• [EXERCISE AIM]:
Given the material below, output exactly the lines from the line with "#復讐鬼龍 #オリキャラ #イラスト好きさんと繋がりたい" to the line with "Plakāts sastāv no", both ends included, and no other lines.

• [DATA TO EXAMINE]:
+ + + + +

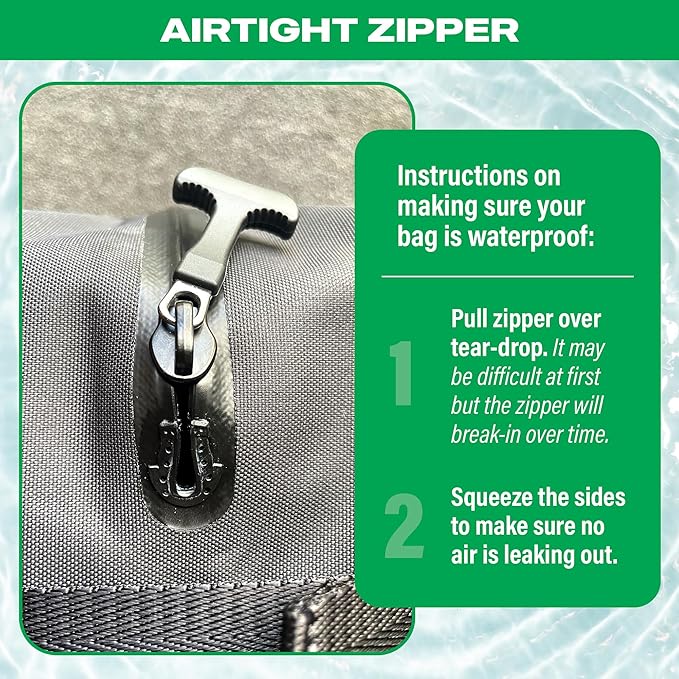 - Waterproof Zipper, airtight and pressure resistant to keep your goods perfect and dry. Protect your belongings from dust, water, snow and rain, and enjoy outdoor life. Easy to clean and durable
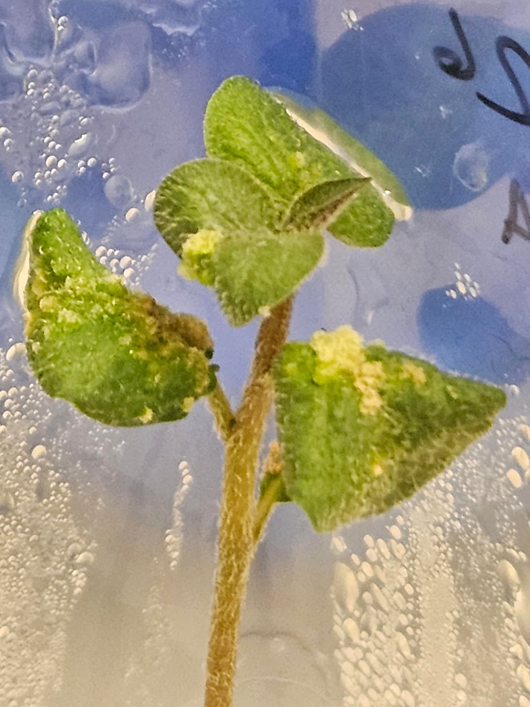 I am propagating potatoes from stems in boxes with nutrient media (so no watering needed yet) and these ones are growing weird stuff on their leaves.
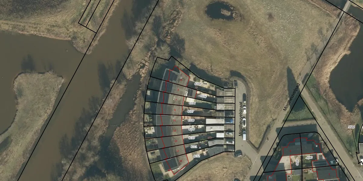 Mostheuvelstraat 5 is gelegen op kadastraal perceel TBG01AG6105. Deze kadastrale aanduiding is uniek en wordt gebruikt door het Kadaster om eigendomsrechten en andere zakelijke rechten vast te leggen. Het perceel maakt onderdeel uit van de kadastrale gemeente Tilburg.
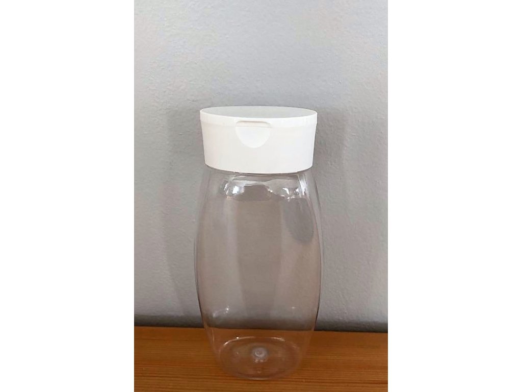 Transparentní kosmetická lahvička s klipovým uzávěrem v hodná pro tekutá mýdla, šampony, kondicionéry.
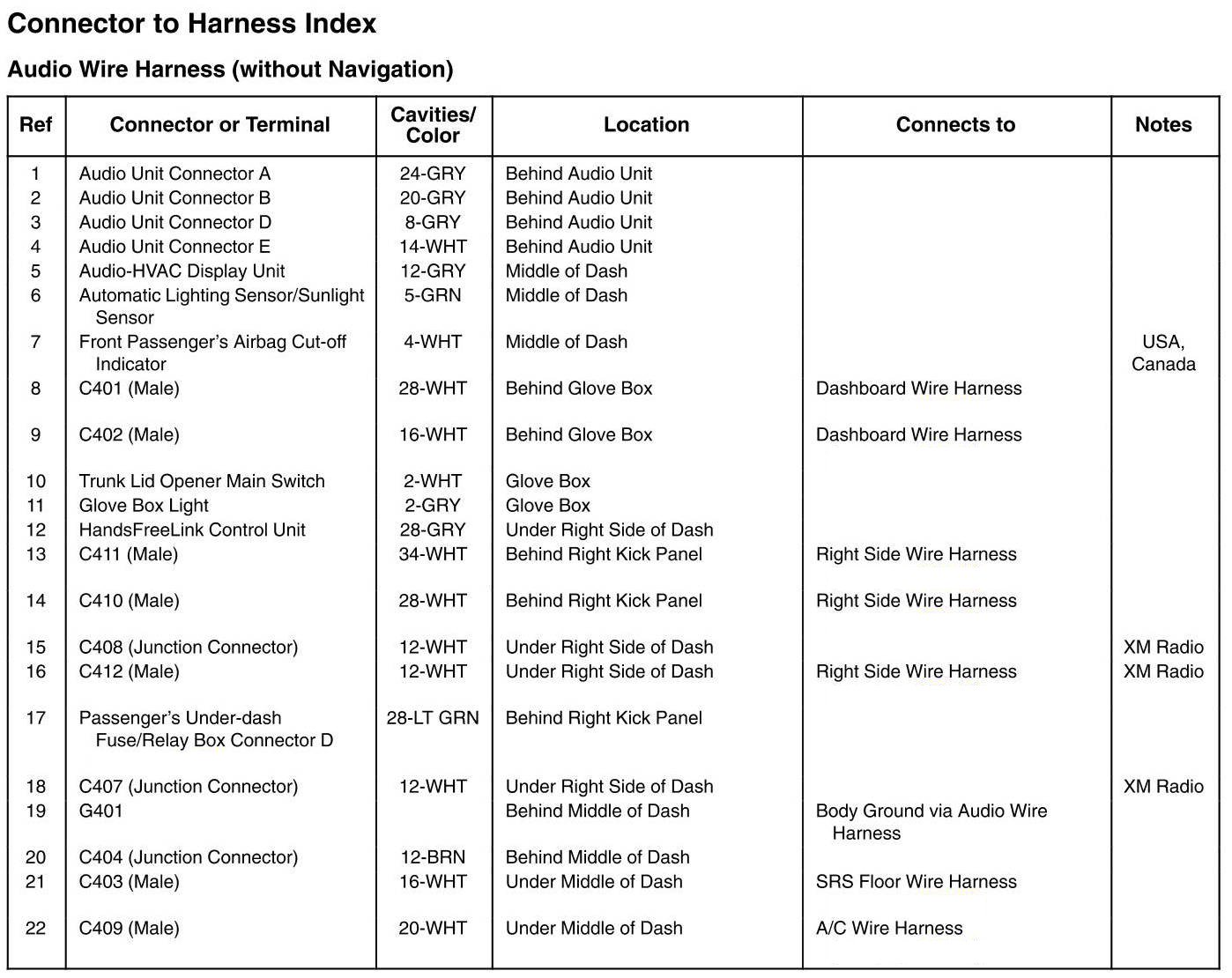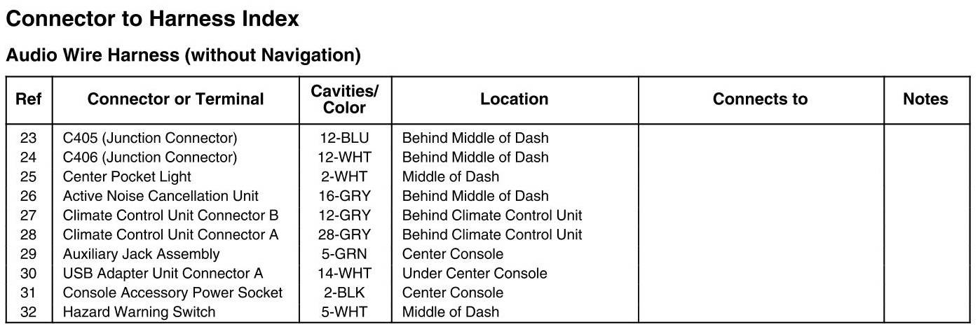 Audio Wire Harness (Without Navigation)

+ + + + +

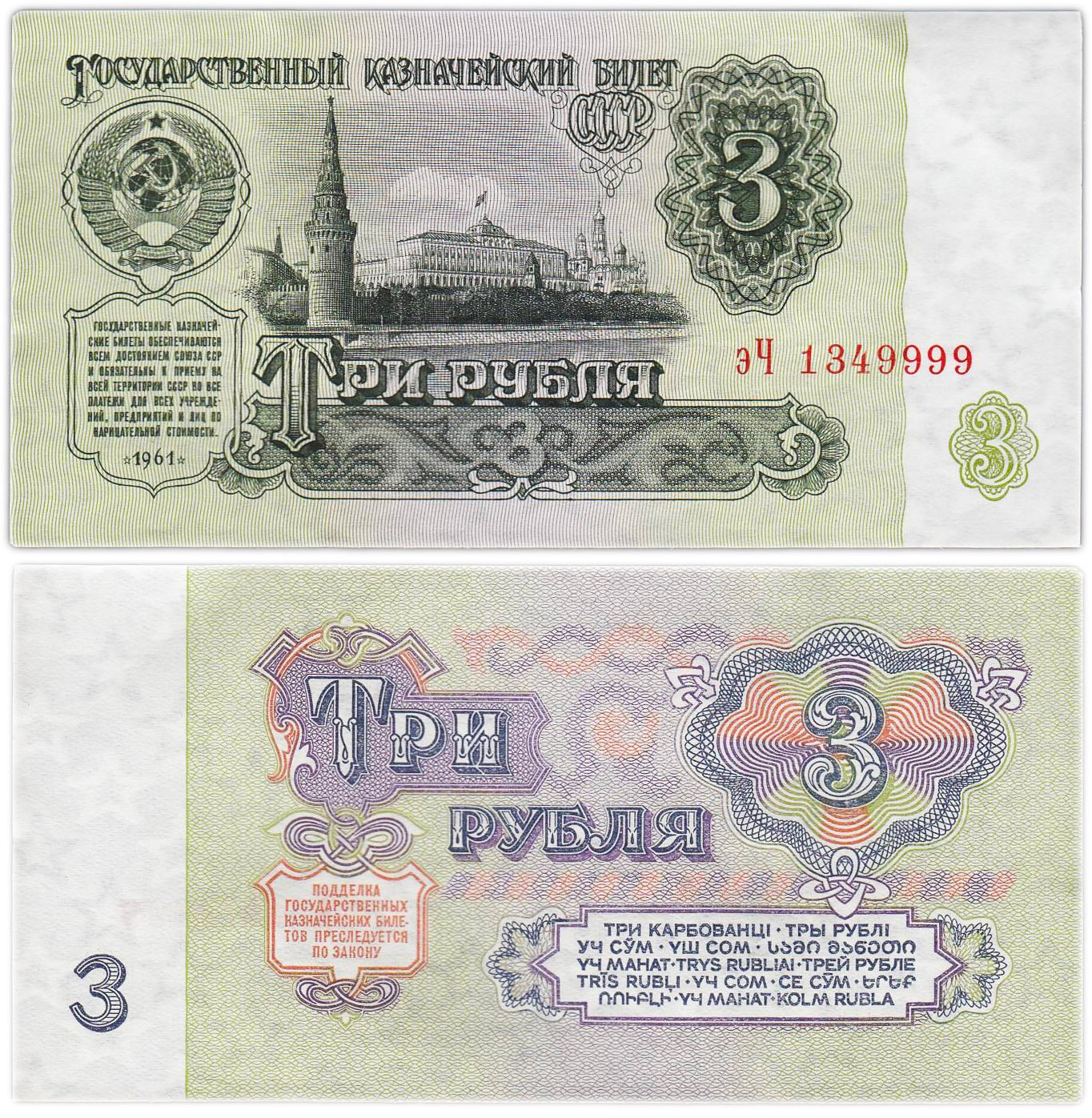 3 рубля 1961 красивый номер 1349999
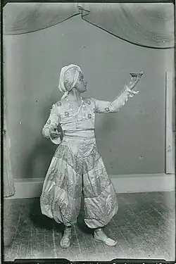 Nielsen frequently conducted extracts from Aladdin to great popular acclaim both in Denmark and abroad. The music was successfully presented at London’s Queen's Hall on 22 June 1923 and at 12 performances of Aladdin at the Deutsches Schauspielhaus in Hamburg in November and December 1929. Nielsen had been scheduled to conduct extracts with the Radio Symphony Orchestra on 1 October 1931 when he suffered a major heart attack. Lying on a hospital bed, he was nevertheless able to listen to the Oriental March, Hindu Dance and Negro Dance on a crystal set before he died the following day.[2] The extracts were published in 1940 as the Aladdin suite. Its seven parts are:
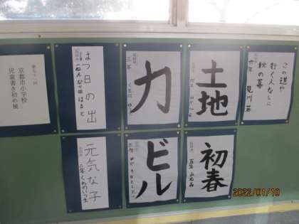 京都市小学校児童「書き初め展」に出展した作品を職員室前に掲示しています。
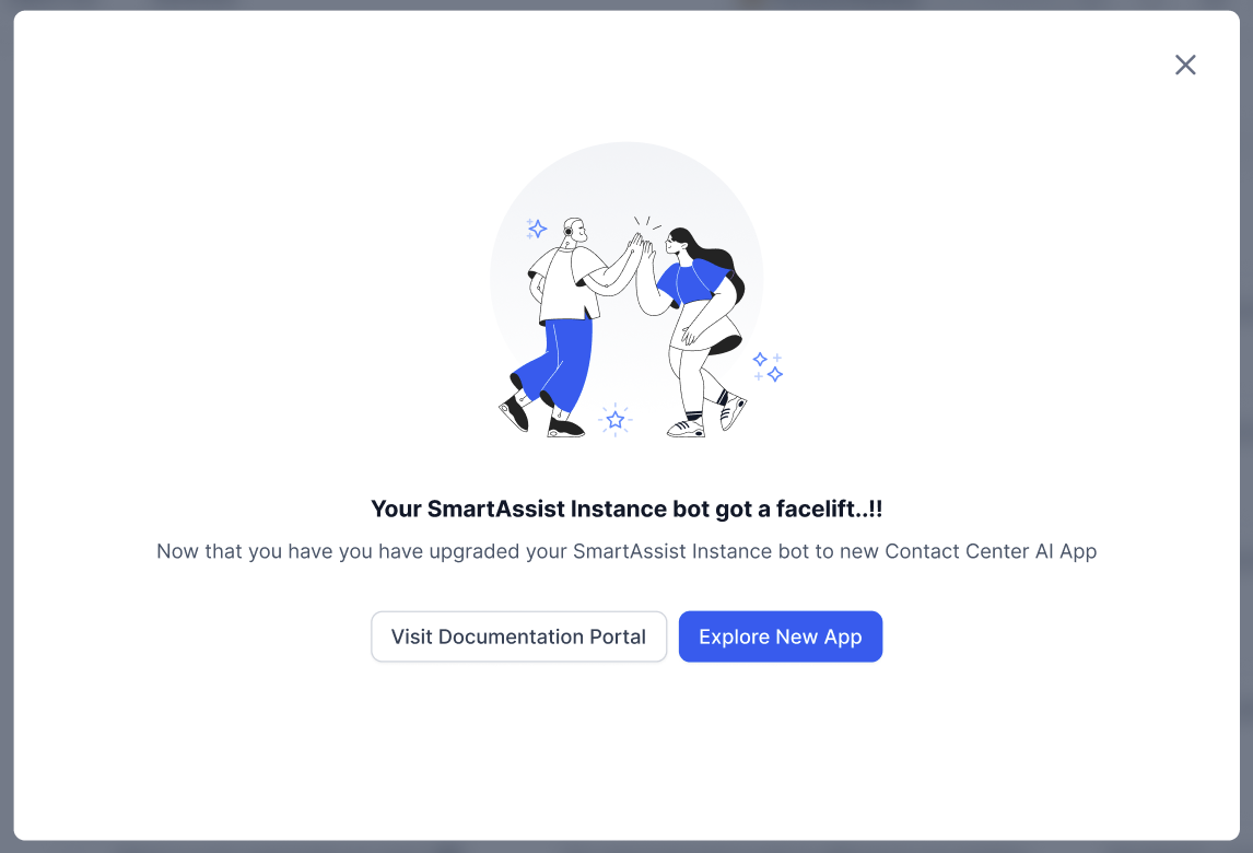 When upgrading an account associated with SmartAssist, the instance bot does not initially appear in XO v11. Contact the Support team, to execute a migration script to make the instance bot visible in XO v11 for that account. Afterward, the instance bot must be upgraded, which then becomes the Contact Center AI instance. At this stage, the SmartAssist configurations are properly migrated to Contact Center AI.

+ + + + +

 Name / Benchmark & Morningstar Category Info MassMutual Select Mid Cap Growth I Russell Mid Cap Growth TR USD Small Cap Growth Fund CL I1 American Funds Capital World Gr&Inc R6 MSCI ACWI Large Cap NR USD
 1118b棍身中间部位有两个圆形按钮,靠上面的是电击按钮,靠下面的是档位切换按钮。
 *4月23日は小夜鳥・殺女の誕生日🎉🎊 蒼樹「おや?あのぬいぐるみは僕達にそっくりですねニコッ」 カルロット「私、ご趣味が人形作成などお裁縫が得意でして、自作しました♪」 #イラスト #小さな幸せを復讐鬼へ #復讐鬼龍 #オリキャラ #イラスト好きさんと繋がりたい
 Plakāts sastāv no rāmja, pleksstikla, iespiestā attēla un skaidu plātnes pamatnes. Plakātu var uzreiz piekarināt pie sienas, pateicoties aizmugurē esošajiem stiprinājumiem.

+ + + + +

• [PROBLEM SOLUTION]:
 *4月23日は小夜鳥・殺女の誕生日🎉🎊 蒼樹「おや?あのぬいぐるみは僕達にそっくりですねニコッ」 カルロット「私、ご趣味が人形作成などお裁縫が得意でして、自作しました♪」 #イラスト #小さな幸せを復讐鬼へ #復讐鬼龍 #オリキャラ #イラスト好きさんと繋がりたい
 Plakāts sastāv no rāmja, pleksstikla, iespiestā attēla un skaidu plātnes pamatnes. Plakātu var uzreiz piekarināt pie sienas, pateicoties aizmugurē esošajiem stiprinājumiem.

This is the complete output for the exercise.